The decision also illustrates how foreseeability and contractual allocation of costs can affect the s 118 analysis. Where the maintenance order already requires the husband to bear educational expenses, and the later increase results from a schooling path that was not sudden or unexpected, the court may treat the increase as insufficiently “material” for variation purposes. This is a useful guide for drafting and litigating maintenance orders: parties should expect that courts will look at what was already contemplated by the original order and the surrounding circumstances at the time it was made.
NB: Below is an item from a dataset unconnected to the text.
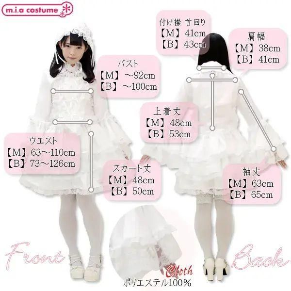 完全自社在庫商品。 2〜3営業日にて出荷 真っ白のワンピースとフリフリレースが可愛いロリータ服ができました☆ 別衿がついているのでより豪華に見えますよ♪ スカートのボリュームはかなりあって、どんな体制でもふわっとした感じが消えません。 リボンもこだわっていて、様々な真っ白なリボンが使われています。 ヘッドドレスもきちんとした作りになっているので、安心してお求めいただけます。 ●注意● 商品によって程度の違いがございますが、一部汚れがあるため、新品B品となります。 その他予期せぬ色移り等の汚れや不具合がある場合がございますので、ご了承ください。 返金・返品・交換等には一切応じることができません。ご納得の上ご購入願います。 ●サイズ● 【Mサイズ】 B:〜92cm W:63〜110cm 着丈:上着48cm、スカート48cm 肩幅:38cm 袖丈:63cm 首回り(付け襟):41cm 【BIGサイズ】 B:〜100cm W:73〜126cm 着丈:上着53cm、スカート50cm 肩幅:41cm 袖丈:65cm 首回り(付け襟):43cm ●セット内容● 上着、スカート、付け衿、ヘッドドレス ●素材● ポリエステル100% ●色● 色は写真と同じものになります。 ●仕様● *開き:上着/前ボタン スカート/ウエスト部分ゴム、スカート3枚仕立て、裏地付き、チュールパニエ付き 付け衿/ボタンにて着脱可 *水洗い不可、塩素系漂白剤による漂白不可、アイロンは中温で当て布使用、ドライクリーニング可 *色落ちの可能性があります。ご注意ください。 ●海外配送時計算重量● 705g 配送時計算重量は実際の商品の重さとは異なり、当社規定の海外配送時等の送料自動計算に使う重量となります。 ●モデル身長● みれい/159cm(Mサイズ着用) みれいちゃんがモデルのその他の商品 ・モデル所属 ●所属 ミアカフェ東京店 ミアリラ&フォト東京店 ●ミアコスの所属モデルと上記の店舗で会えちゃいます! ・所属店舗のモデルプロフィール みれいちゃんのミアカフェ・ミアリラ&フォト東京店共通のプロフィール ・出勤情報(モデルさんが出勤していれば会えるかも!?) ミアカフェ・ミアリラ&フォト東京店共通 (ミアカフェ東京店は出勤情報非公開です) ●上記モデルの撮影随時受付中!20分3000円より! ■商品封入用画像■ NH1016マリアドレスホワイト表面.jlb NH1016マリアドレスホワイト表面.pdf NH1016マリアドレスホワイト裏面.jlb NH1016マリアドレスホワイト裏面.pdf ■おすすめオプション小物類■ 単品カチューシャやネコ耳などの小物類(1000円程度より多数販売中) ニーハイソックス、タイツなど(500円より多数販売中!) ■すぐに商品が欲しい!!という方■ 即日配達商品一覧がございますので、よろしければそちらをご覧下さいませ。 ■とにかく安くて高品質な商品が欲しい!という方■ 特別割引商品を掲載しています!最大80%引きの商品もあったりします! エアガン・迷彩服・ミリタリー装備品の通販ショップ ■ミリタリー初心者・女性大歓迎! 送料全国一律¥500! 決済方法いろいろ! ■ミリタリーコスプレの小物が必要な時は、コンバットアームズでお買い物♪ ■映画・アニメ・ゲームで有名な銃を¥1000〜取り揃えています! ★ミアカフェ・ミアリラではミアコス衣装を着用したイベントを実施中★ ★ミアグループのロリィタブランド デビュー★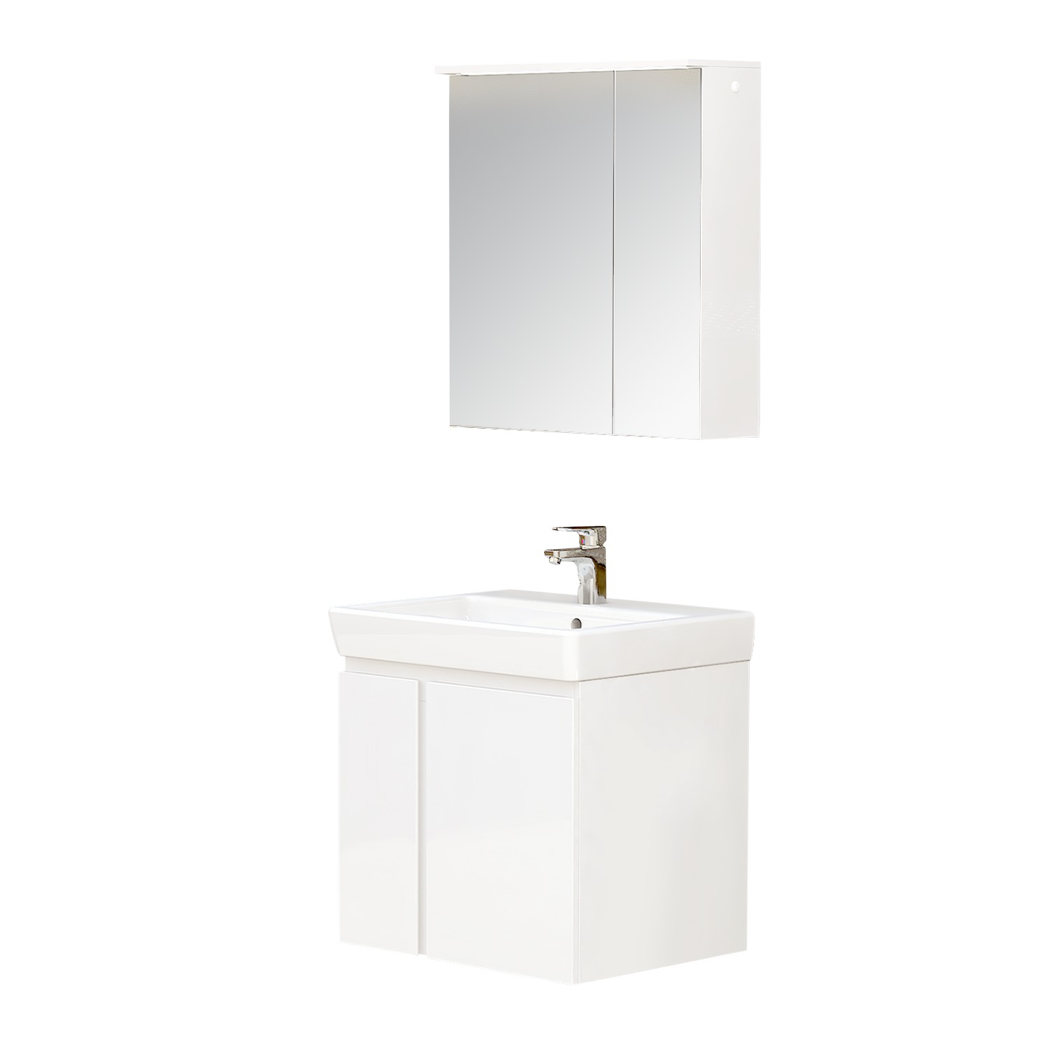Допълнителна информация Горен шкаф PVC Плавно затваряне Панти хром-никел LED вградено осветление Вградено ел.ключе за осветление Захранване 220V Неутрална светлина 4000-4200К Две врати Два стъклени рафта Размери в мм: Ш – 550 / В – 600 / Д – 180 Долен шкаф Изработен от 100% водоустойчиво PVC Порцеланова мивка Roca Две врати Плавно затваряне Панти хром-никел Включени крепежни елементи Размери в мм: Ш – 550 / В – 550 / Д – 450 Материал PVC водоустойчив Размер до 55 см. Назад

For lawyers advising clients on maintenance variations, the case underscores the need to marshal evidence not only of changed circumstances, but also of why the change disrupts fairness. Evidence of the payor’s earning capacity, the net impact of expense increases, and whether the change was foreseeable will likely be central. The case also signals that arguments based on the recipient’s wealth must be carefully framed, particularly where the wealth reflects the earlier division of matrimonial assets rather than a new and material development.

Legislation Referenced

  • Women’s Charter (Cap 353, 2009 Rev Ed), s 118

Cases Cited

  • ATS v ATT [2016] SGHC 196

Source Documents

This article analyses [2020] SGCA 1 for legal research and educational purposes. It does not constitute legal advice. Readers should consult the full judgment for the Court's complete reasoning.